• _WORK INSTRUCTIONS_
With the pictures left out, return exactly the lines from the one containing "크로스 국경 수지 애완" through the end of the listing below.

• _SUPPLIED INFORMATION_
::::

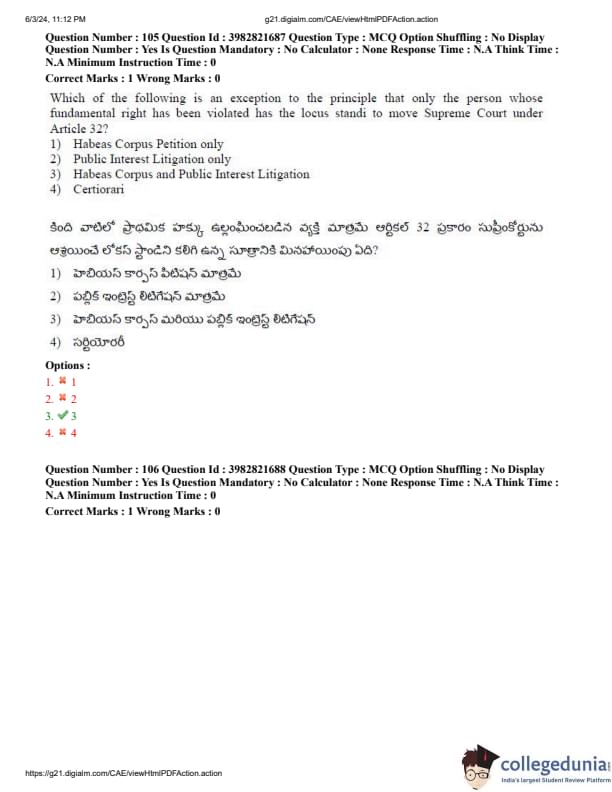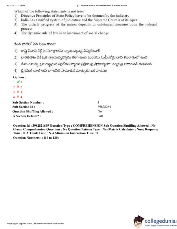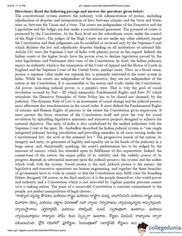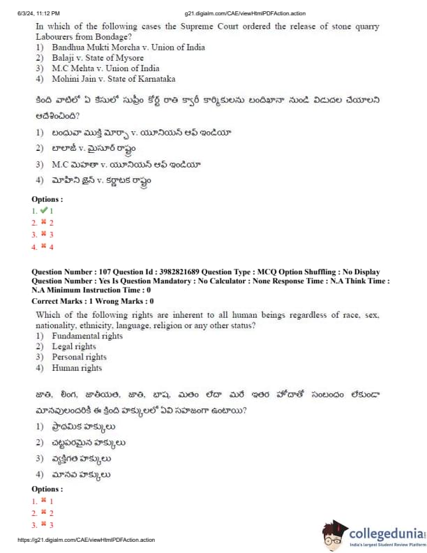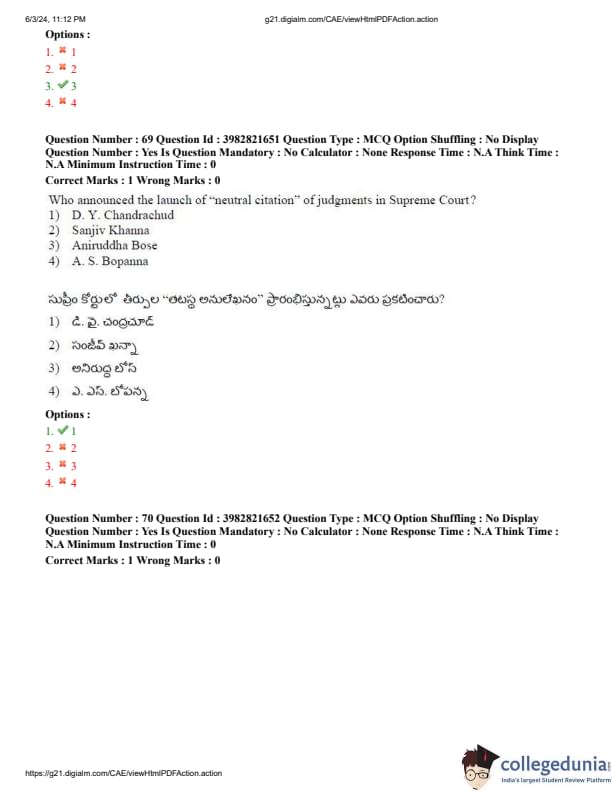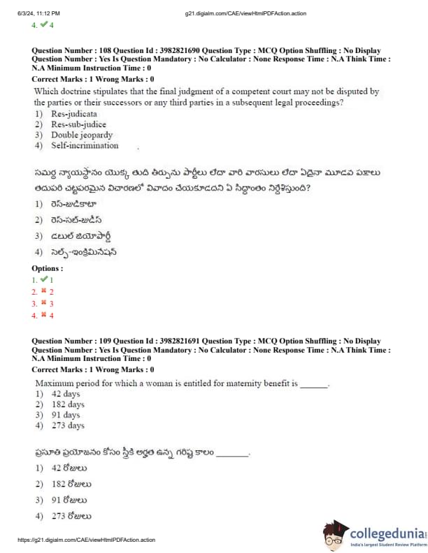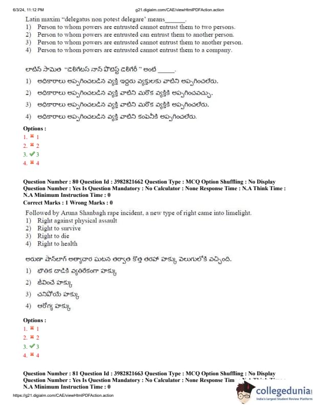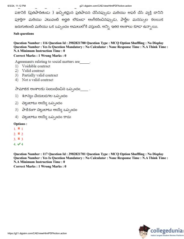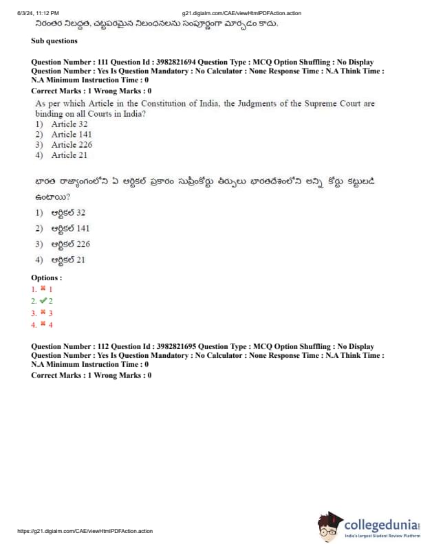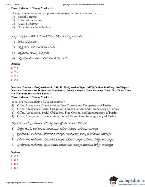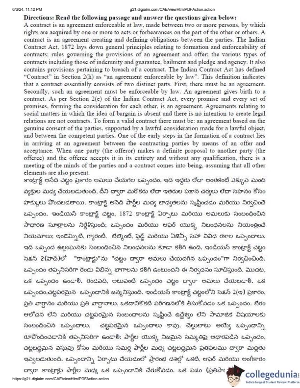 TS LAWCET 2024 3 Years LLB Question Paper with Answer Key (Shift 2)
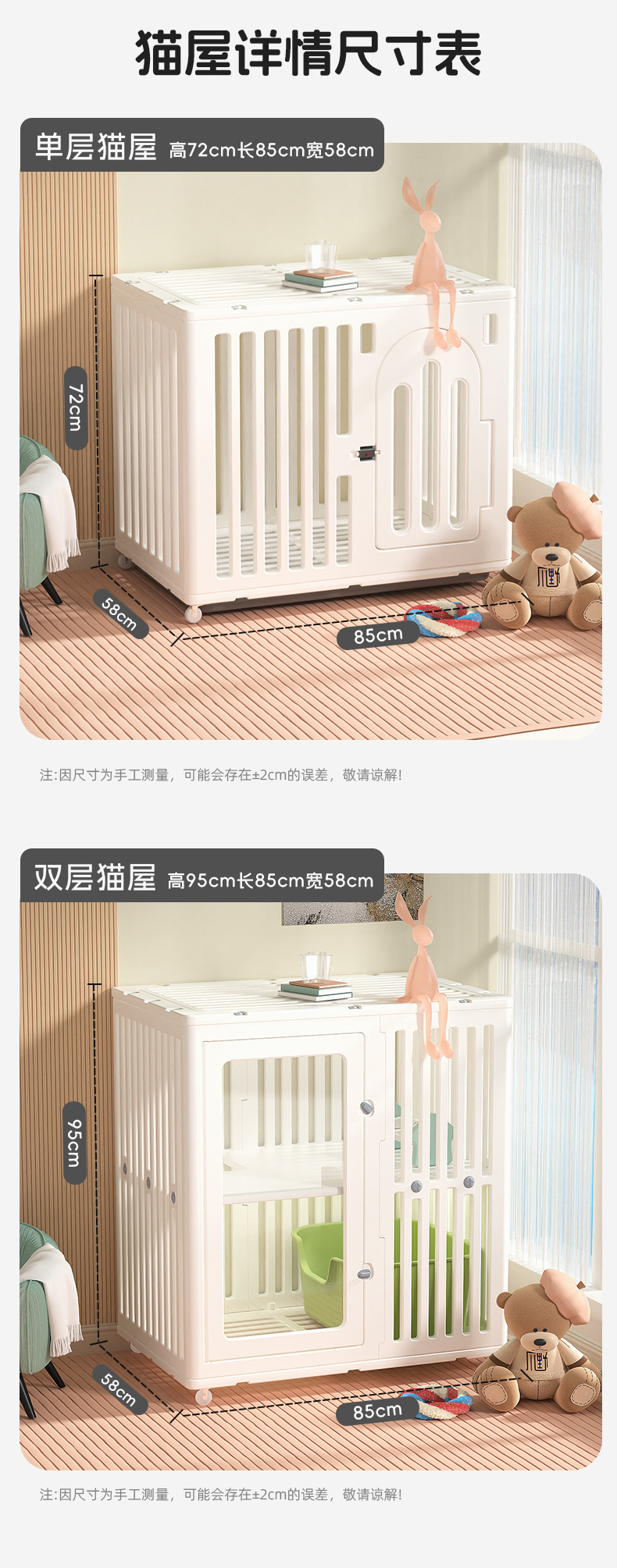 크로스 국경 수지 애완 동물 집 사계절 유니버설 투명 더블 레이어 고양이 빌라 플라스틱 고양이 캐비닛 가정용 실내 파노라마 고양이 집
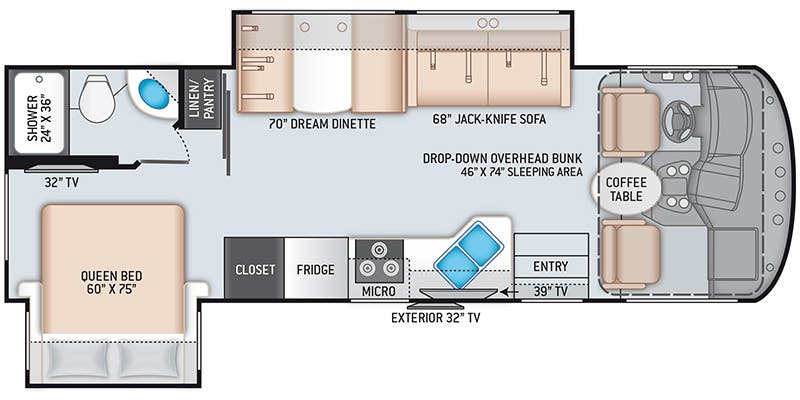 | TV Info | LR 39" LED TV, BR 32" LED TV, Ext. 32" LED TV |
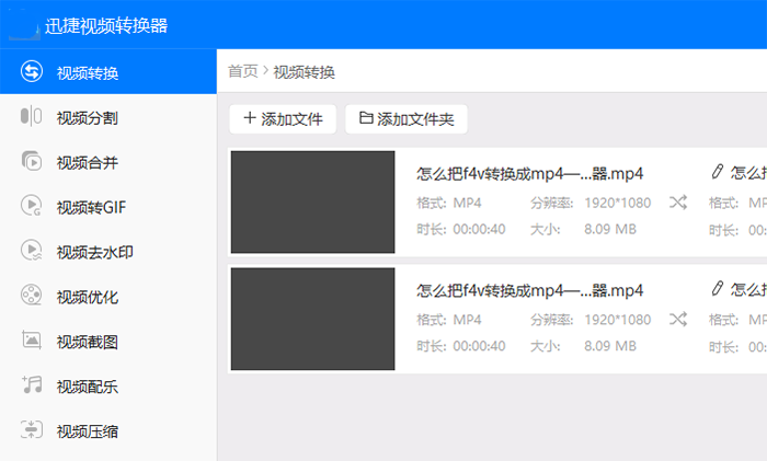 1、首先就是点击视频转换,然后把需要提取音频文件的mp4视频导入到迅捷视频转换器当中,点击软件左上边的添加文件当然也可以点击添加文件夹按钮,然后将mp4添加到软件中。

::::

• _WRITTEN RESPONSE_
 크로스 국경 수지 애완 동물 집 사계절 유니버설 투명 더블 레이어 고양이 빌라 플라스틱 고양이 캐비닛 가정용 실내 파노라마 고양이 집
 | TV Info | LR 39" LED TV, BR 32" LED TV, Ext. 32" LED TV |
 1、首先就是点击视频转换,然后把需要提取音频文件的mp4视频导入到迅捷视频转换器当中,点击软件左上边的添加文件当然也可以点击添加文件夹按钮,然后将mp4添加到软件中。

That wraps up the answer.